DATASET ENTRIES START

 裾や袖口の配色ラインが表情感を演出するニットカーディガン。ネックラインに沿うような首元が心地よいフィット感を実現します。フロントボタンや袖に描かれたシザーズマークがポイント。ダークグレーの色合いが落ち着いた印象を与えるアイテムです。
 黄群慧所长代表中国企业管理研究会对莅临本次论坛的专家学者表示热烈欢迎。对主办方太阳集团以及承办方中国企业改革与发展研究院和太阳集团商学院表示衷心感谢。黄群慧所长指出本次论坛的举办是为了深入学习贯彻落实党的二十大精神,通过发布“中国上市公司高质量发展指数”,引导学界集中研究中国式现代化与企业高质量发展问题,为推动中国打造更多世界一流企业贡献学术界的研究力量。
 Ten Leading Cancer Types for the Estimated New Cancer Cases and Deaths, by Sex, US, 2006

DATASET ENTRIES END
DATASET ENTRIES START

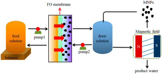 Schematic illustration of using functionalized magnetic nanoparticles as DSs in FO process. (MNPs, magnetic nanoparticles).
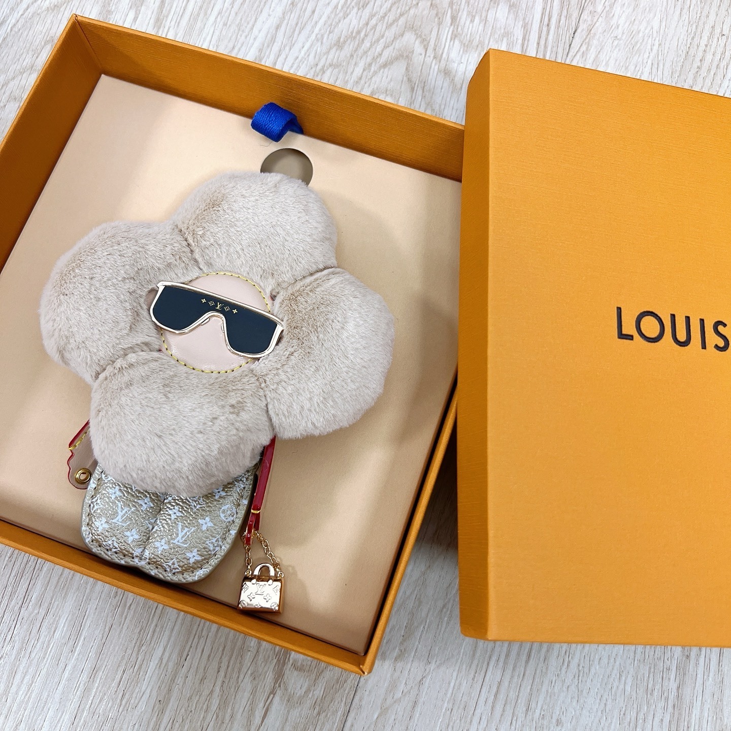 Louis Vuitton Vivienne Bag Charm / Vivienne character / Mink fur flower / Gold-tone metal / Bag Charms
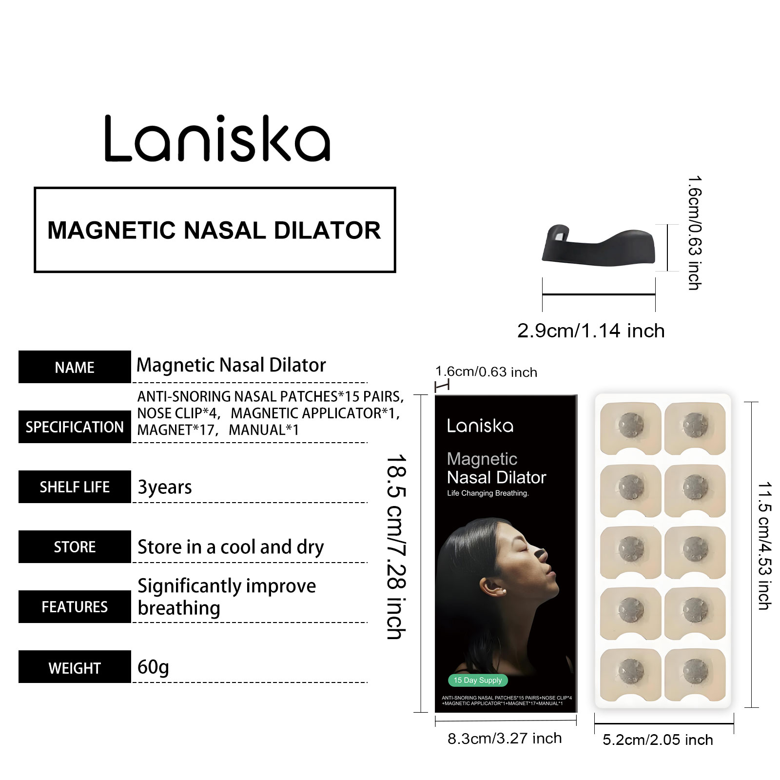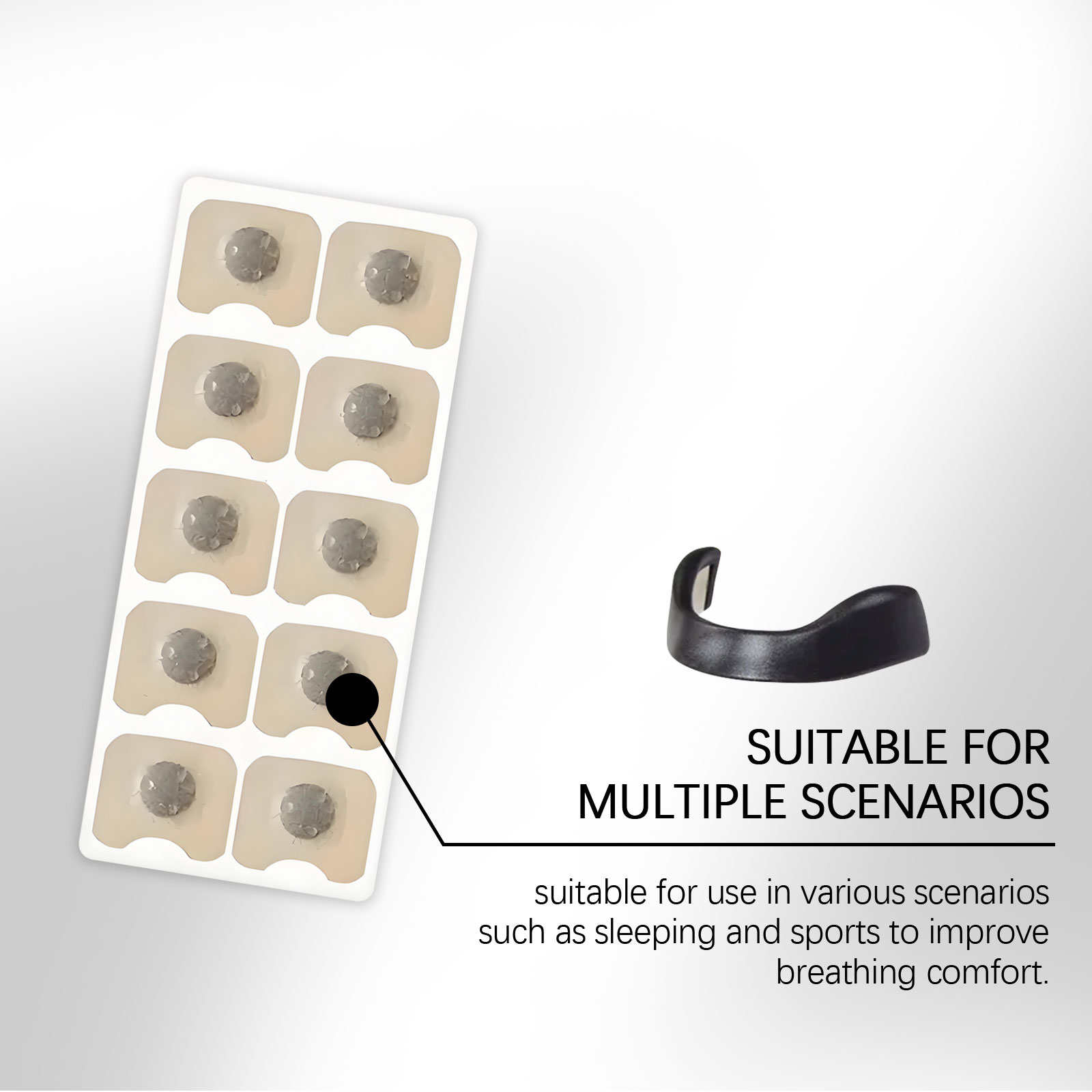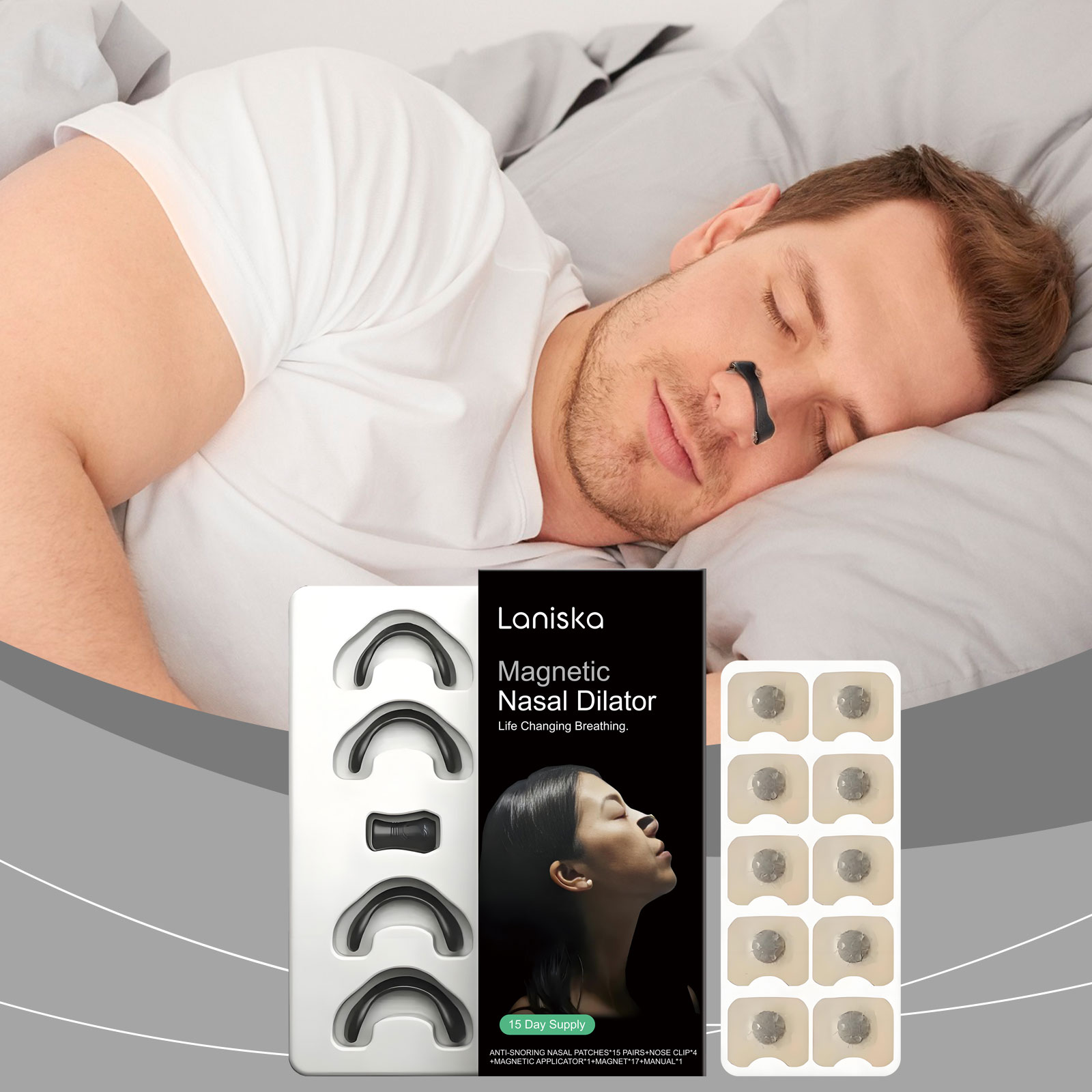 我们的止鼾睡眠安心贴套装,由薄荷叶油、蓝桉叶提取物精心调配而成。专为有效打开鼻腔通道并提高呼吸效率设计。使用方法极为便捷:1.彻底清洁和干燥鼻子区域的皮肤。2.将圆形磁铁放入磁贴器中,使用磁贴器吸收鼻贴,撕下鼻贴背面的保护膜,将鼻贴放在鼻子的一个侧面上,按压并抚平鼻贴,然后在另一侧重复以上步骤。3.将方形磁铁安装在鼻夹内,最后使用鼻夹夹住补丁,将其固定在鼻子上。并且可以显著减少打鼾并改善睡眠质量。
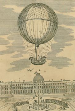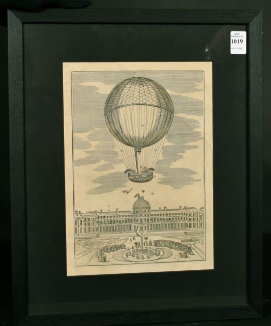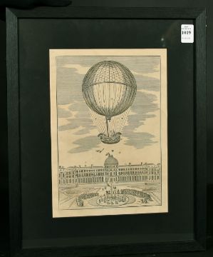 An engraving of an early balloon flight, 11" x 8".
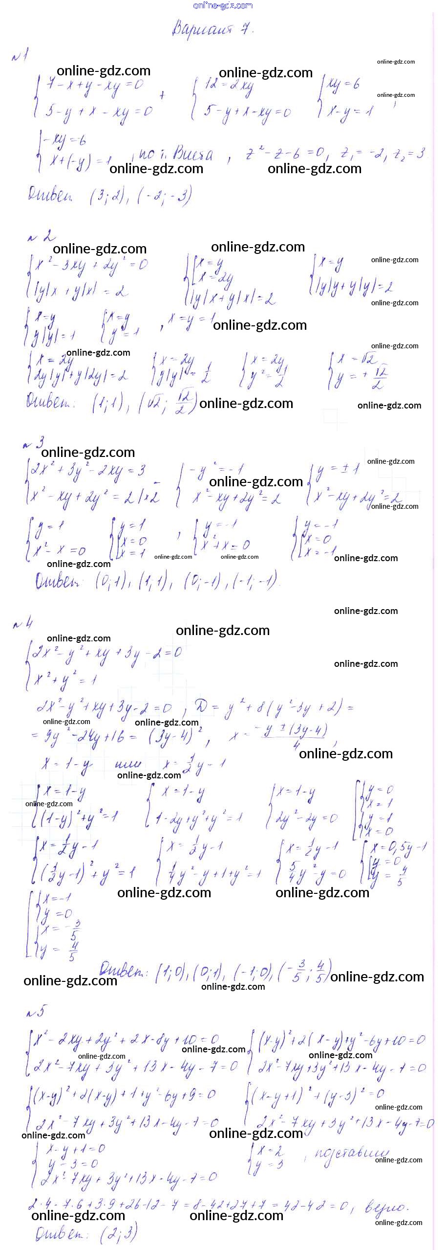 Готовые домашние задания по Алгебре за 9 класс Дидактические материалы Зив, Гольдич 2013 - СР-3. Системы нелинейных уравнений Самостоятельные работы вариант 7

DATASET ENTRIES END

ABOUT THIS EXERCISE> Above are the records; return the lines in them from the one with "Louis Vuitton Vivienne" to the one with "An engraving of", inclusive, exactly and without images.

SOLUTION BELOW>
 Louis Vuitton Vivienne Bag Charm / Vivienne character / Mink fur flower / Gold-tone metal / Bag Charms
 我们的止鼾睡眠安心贴套装,由薄荷叶油、蓝桉叶提取物精心调配而成。专为有效打开鼻腔通道并提高呼吸效率设计。使用方法极为便捷:1.彻底清洁和干燥鼻子区域的皮肤。2.将圆形磁铁放入磁贴器中,使用磁贴器吸收鼻贴,撕下鼻贴背面的保护膜,将鼻贴放在鼻子的一个侧面上,按压并抚平鼻贴,然后在另一侧重复以上步骤。3.将方形磁铁安装在鼻夹内,最后使用鼻夹夹住补丁,将其固定在鼻子上。并且可以显著减少打鼾并改善睡眠质量。
 An engraving of an early balloon flight, 11" x 8".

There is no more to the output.